Unlike many other phenotypic genetic markers, the mutated or functionally deleted GBBS- or amf-gene offers certain special advantages for genetic analysis as well as for breeding. For example, the progeny can be classified at a very early seedling stage as well as in adult plants, through pollen staining, homo- and heterozygotes can be unambiguously classified: the dosages 2-4 of the mutant allele in a polyploid can be easily detected through the ratios 5: 1, 1 : 1 and 0: 1 in stained pollen samples; different types of 2n-gametes in diploid clones can be detected and their influence on the phenotype and genotype of polyploid from 4x*2x crosses can be predicted.
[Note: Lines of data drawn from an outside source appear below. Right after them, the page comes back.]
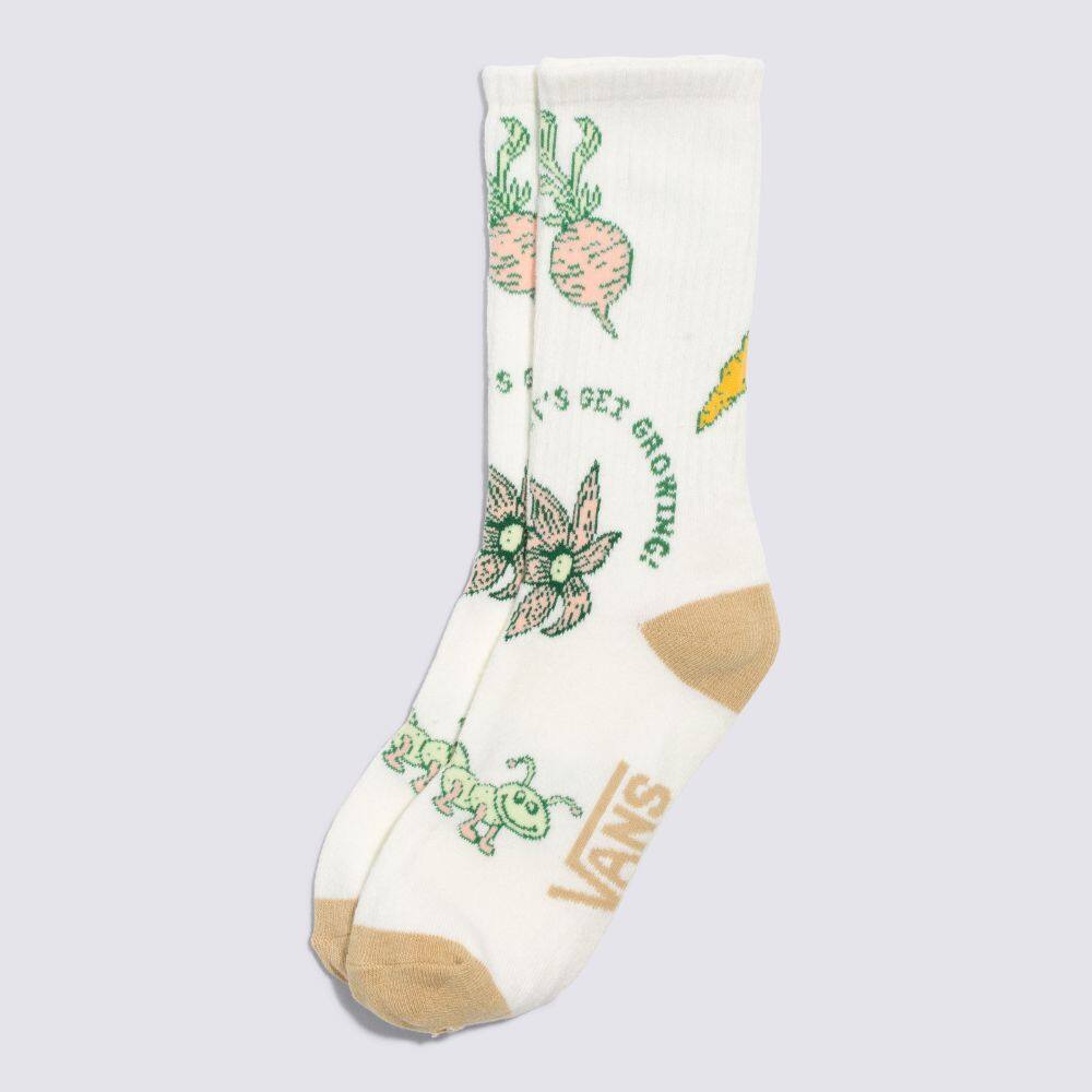 Vans Growth Garden Crew Socks (Size 6.5-10, 1 Pack) Women WHITE VN0007A3FS81
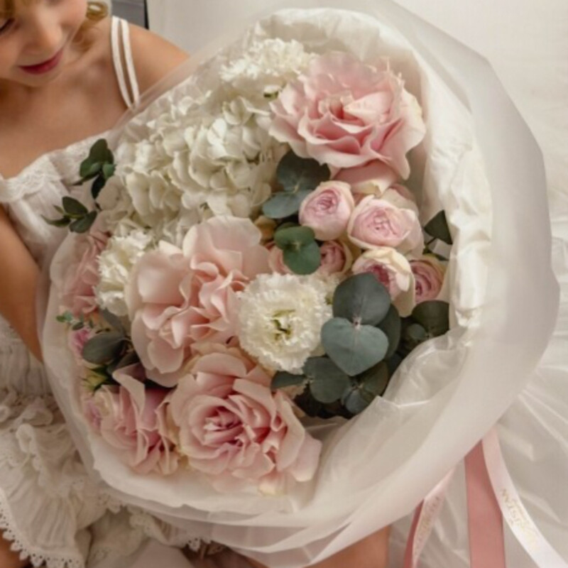 Букет из нежных роз, гортензии, диантусов. Идеален как нежное напоминание о ваших чувствах. Хит в день матери как подарок любимой жене
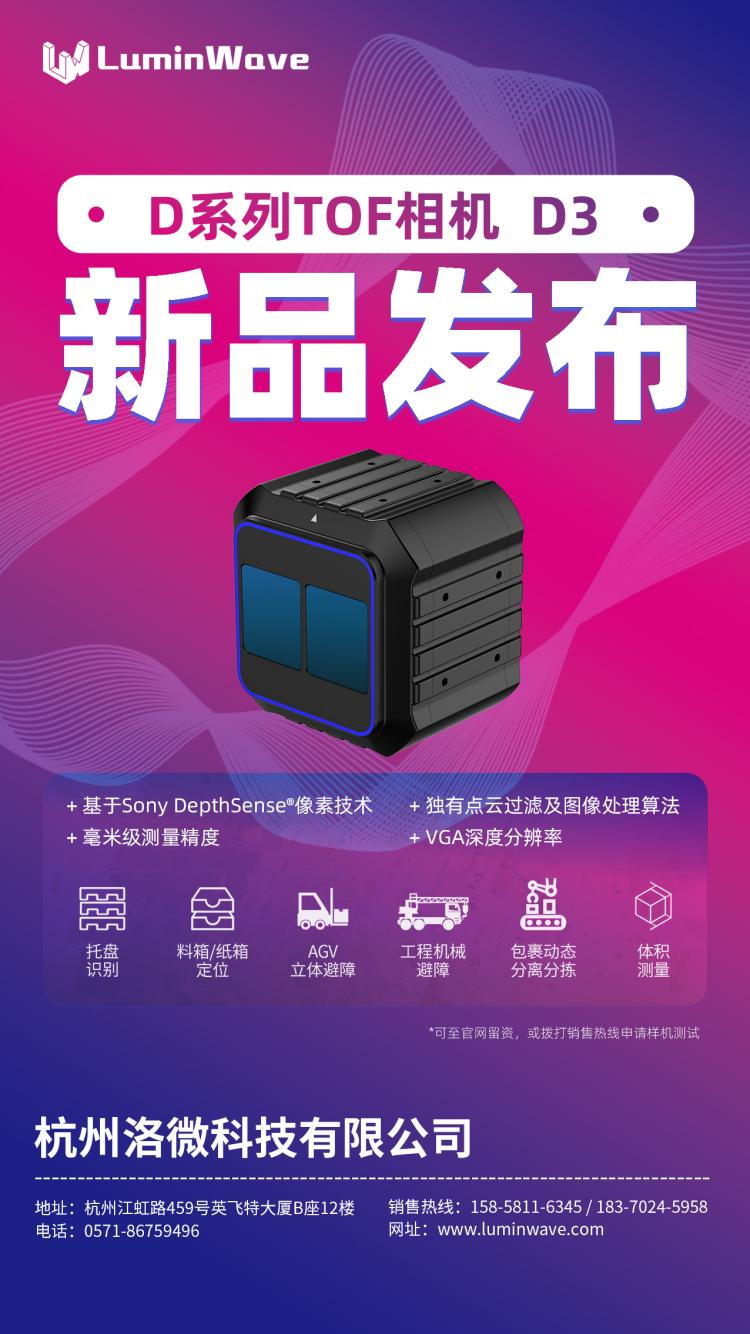 隨著工業(yè)自動(dòng)化、物流科技、移動(dòng)機(jī)器人領(lǐng)域?qū)ψ詣?dòng)化、智能化需求的逐漸提升,更高精度、更智能的感知需求也在不斷增長。洛微科技全新高性能D系列TOF相機(jī)D3的高精度、高性能及廣泛的應(yīng)用場景,將會(huì)為客戶帶來更好的產(chǎn)品體驗(yàn)和更大的商業(yè)價(jià)值。
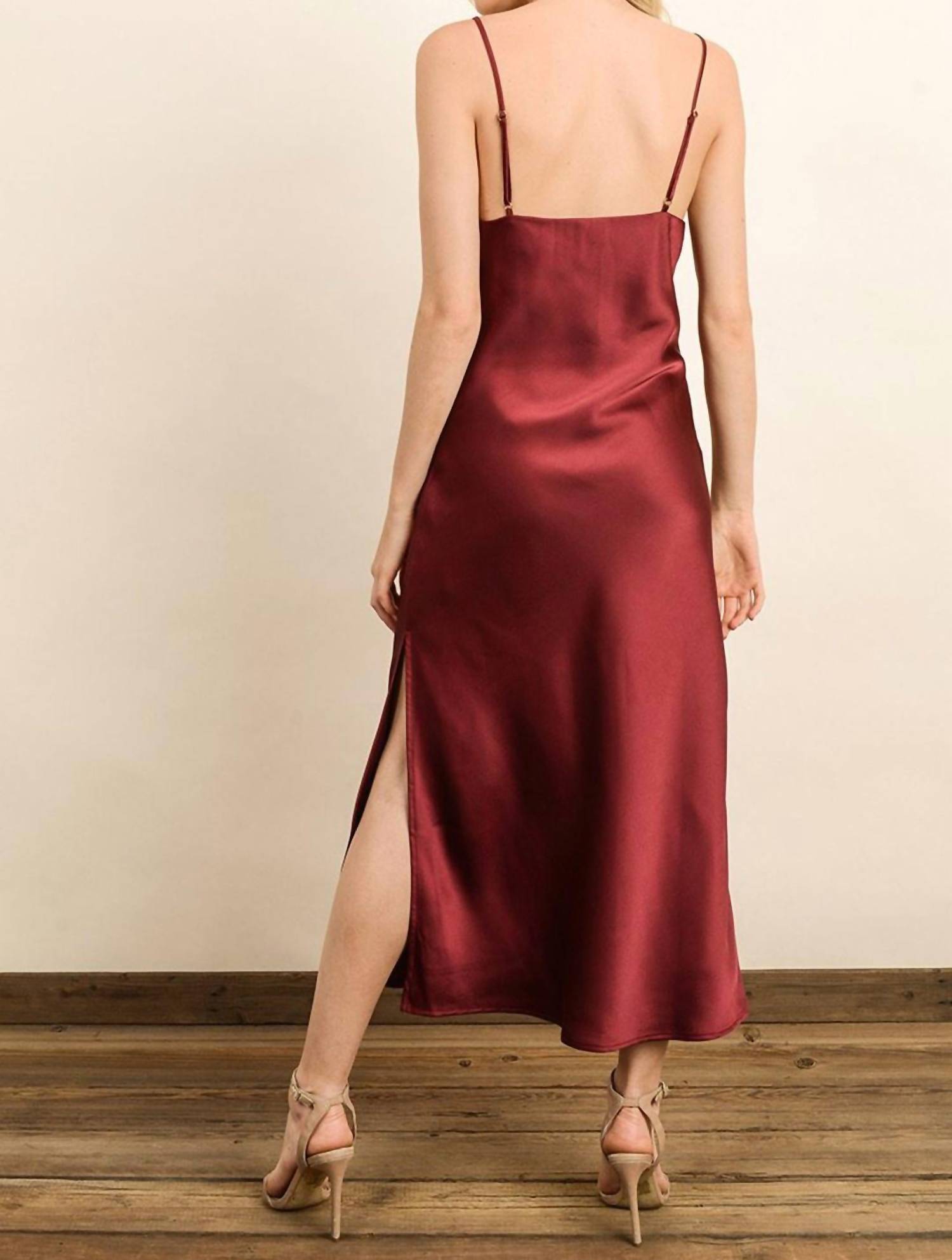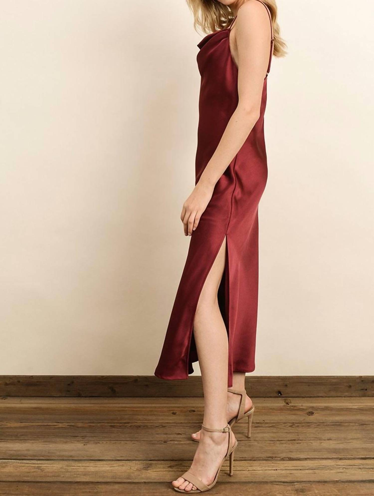 A midi dress so versatile, your options for wearing it are endless. Discover the elegant 90's Inspired Satin Cowl Neck Midi Dress by DRESS FORUM, a sophisticated option for any special occasion. This solid black satin dress features delicate spaghetti straps and an alluring cowl neck, complemented by a low back and side slit for added glamour. With a composition of 97% Polyester and 3% Spandex, it offers a silky finish that drapes beautifully. While closure and care instructions are not specified, this timeless piece is a stunning addition to your evening collection.
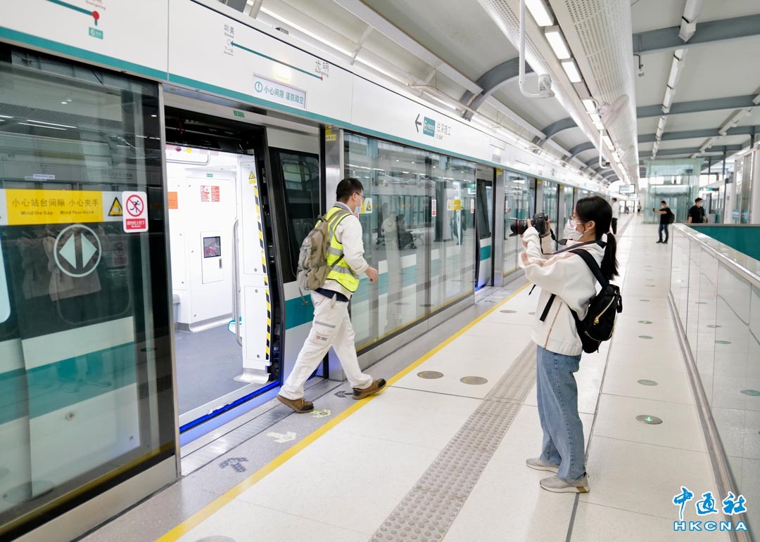 11月3日,多家媒體記者試乘體驗深圳地鐵6號線支線。該支線起自光明區6號線光明站,止於深莞邊界,全長約6.13公裡,共設4站4區間,分別為光明站、圳美站、中大站和深理工站。6號線支線將架起深圳、東莞雙城地鐵的互通,服務雙城、造福大灣區,成為新時代軌道交通跨城協同發展的典範,計劃年內開通運營。(香港中通社記者 聞子攝)
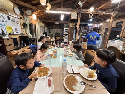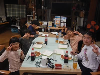 夕食が出来上がったので子どもたちを呼んで室内に移動。
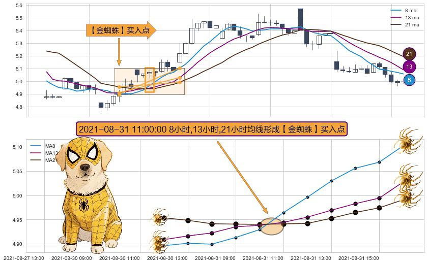 形态多维评估: ⚀ 2021-08-31 11:00:00小时显现 8小时-13小时-21小时均线 【金蜘蛛】买入点 看多信号,后市看涨,买入
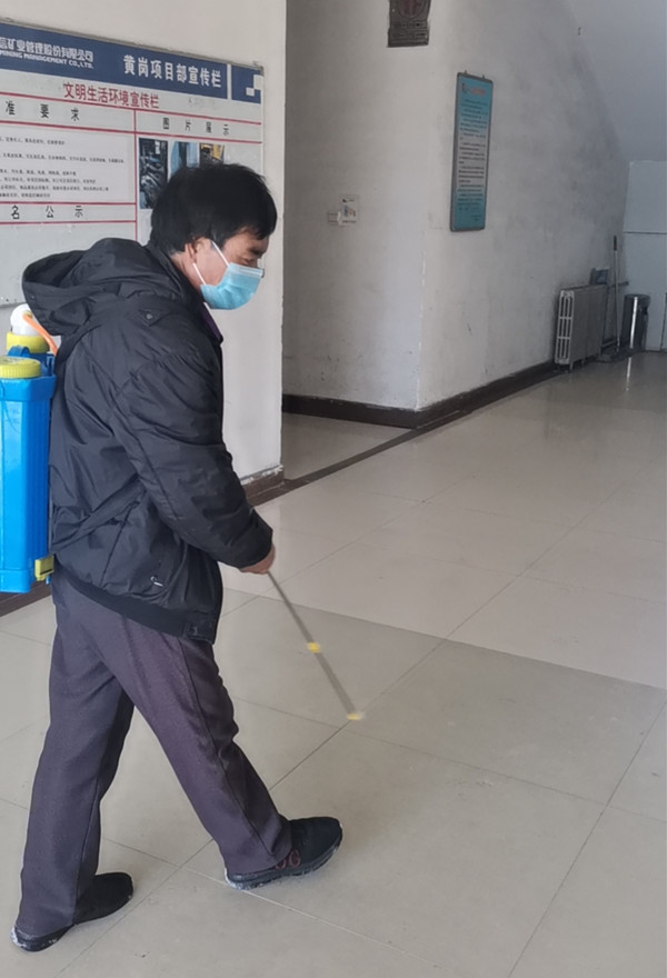 春节放假期间,项目部仅安排了5名员工轮休值班。正月初二又接到业主方黄岗矿业公司的通知:即日起禁止所有人员上下山。项目部不得不对轮休值班计划进行调整,由留守项目部的5人一值到底,不再进行人员替换。值班人员每天的工作内容也有所变化,在巡视厂区、地表、井下巡查之外,又增加了每天定点测量体温、每天定时消毒等工作。
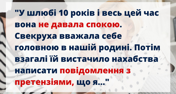 “У шлюбі 10 років і весь цей час вона не давала спокою. Раніше не розуміла, чому вона так поводиться. Думала, що зі мною щось не так. Виявляється, вона ревнує свого сина до мене, ну і, звичайно, увесь цей час вважала себе головною в нашій родині. Останній раз ми спілкувалися рік тому, вона випила і від нудьги почала писати мені гидоти, що я не так виховую сина, чоловіка не поважаю і все в такому дусі. Я догадувалася про такі її претензії, але не очікувала, що їй вистачить нахабства це мені написати.
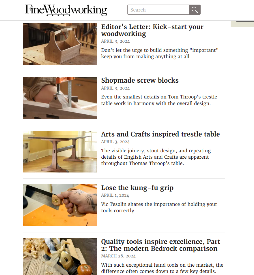 Fine Woodworking: It is the ultimate resource for furniture designers and makers seeking expert technical guidance and inspiration to elevate their design.
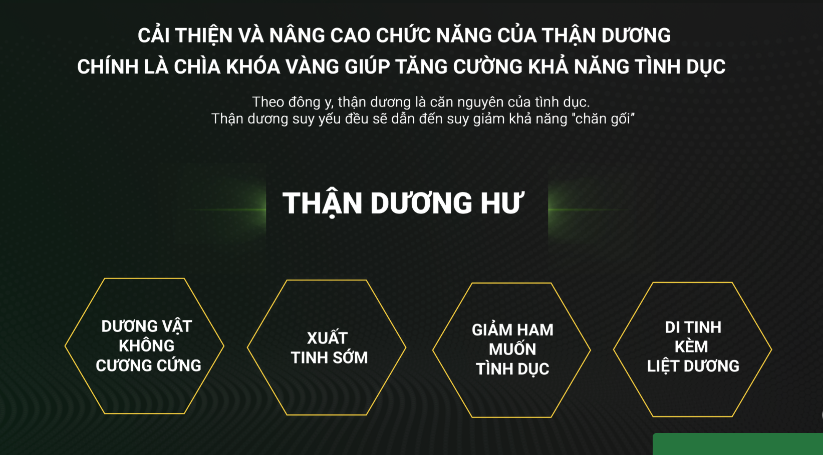 Theo quan điểm của y học cổ truyền, Thận là tinh hoa của ngũ tạng (Tâm, Can, Tỳ, Phế, Thận), là gốc của sự sinh trưởng và sinh sản. Khi Thận yếu chức năng của Thận suy giảm mà biểu hiện rõ nhất ra bên ngoài là suy giảm chức năng sinh lý, giảm ham muốn tình dục, xuất tinh sớm… Để cải thiện tình trạng đó cần phải bồi bổ liên tục cho Thận.
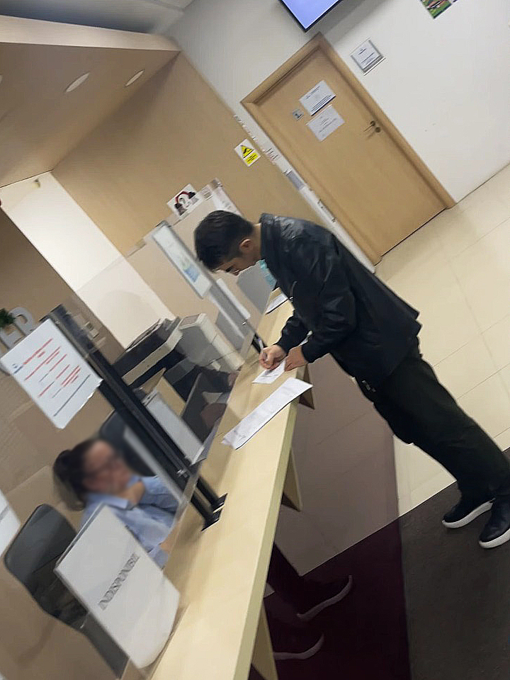 Semnează fișa ca mai apoi să intre la vizita medicală

Besides, through molecular tools such as Minor Groove Binding MGB- Taqman assay, the SNP resulting in the one basepair deletion in the open reading frame of the GBSS amf allele can be detected in a qualitative and quantitative manner (van der Leij et al., Molec. Gen. Genetics (1991) 228: 240-248).

Prospects of using the material in conventional as well as in analytic breeding of potato have since the generation of the amf-gene potato mutant of Hovenkamp-Hermelink been opened. A disadvantage for breeding is the recessive nature of amf which complicates the combination of this character with other agronomic traits at the tetraploid level.

Therefore, the analytic breeding method advocated by Chase (1963, J. Genet. Cytol. 5:359- 364), which involves breeding of potato at the diploid level and returning to the tetraploid condition through the use of 2n-gametes, could be of considerable value for breeding amf- varieties. The aim of such investigations are at least two fold: a. to combine amfamf and Amf amf genotypes with that of 2n-gamete formation, and b. to create fertile, nulliplex clones as basic material for breeding amylose-free potatoes.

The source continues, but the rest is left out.